§ **Extracted material**
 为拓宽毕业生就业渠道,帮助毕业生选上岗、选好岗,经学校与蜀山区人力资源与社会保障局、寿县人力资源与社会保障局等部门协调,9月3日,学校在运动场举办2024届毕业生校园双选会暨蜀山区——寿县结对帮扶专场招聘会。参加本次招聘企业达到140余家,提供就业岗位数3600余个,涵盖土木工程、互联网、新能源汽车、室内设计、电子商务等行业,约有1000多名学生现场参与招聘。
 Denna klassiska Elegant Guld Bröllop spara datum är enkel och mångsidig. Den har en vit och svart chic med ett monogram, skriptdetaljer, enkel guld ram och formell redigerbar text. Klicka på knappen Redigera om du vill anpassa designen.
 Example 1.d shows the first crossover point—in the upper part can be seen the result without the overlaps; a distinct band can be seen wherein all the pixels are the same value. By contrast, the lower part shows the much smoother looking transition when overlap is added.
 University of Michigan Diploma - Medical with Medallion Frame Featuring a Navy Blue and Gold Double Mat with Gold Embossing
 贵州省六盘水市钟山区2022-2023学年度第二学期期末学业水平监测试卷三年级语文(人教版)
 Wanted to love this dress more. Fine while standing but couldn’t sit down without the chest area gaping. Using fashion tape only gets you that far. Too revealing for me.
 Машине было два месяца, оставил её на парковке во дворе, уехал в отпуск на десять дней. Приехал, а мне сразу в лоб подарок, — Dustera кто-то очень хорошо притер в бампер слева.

§ **The task**
Copy all of the listing above exactly, please.

§ **Solved exercise**
 为拓宽毕业生就业渠道,帮助毕业生选上岗、选好岗,经学校与蜀山区人力资源与社会保障局、寿县人力资源与社会保障局等部门协调,9月3日,学校在运动场举办2024届毕业生校园双选会暨蜀山区——寿县结对帮扶专场招聘会。参加本次招聘企业达到140余家,提供就业岗位数3600余个,涵盖土木工程、互联网、新能源汽车、室内设计、电子商务等行业,约有1000多名学生现场参与招聘。
 Denna klassiska Elegant Guld Bröllop spara datum är enkel och mångsidig. Den har en vit och svart chic med ett monogram, skriptdetaljer, enkel guld ram och formell redigerbar text. Klicka på knappen Redigera om du vill anpassa designen.
 Example 1.d shows the first crossover point—in the upper part can be seen the result without the overlaps; a distinct band can be seen wherein all the pixels are the same value. By contrast, the lower part shows the much smoother looking transition when overlap is added.
 University of Michigan Diploma - Medical with Medallion Frame Featuring a Navy Blue and Gold Double Mat with Gold Embossing
 贵州省六盘水市钟山区2022-2023学年度第二学期期末学业水平监测试卷三年级语文(人教版)
 Wanted to love this dress more. Fine while standing but couldn’t sit down without the chest area gaping. Using fashion tape only gets you that far. Too revealing for me.
 Машине было два месяца, оставил её на парковке во дворе, уехал в отпуск на десять дней. Приехал, а мне сразу в лоб подарок, — Dustera кто-то очень хорошо притер в бампер слева.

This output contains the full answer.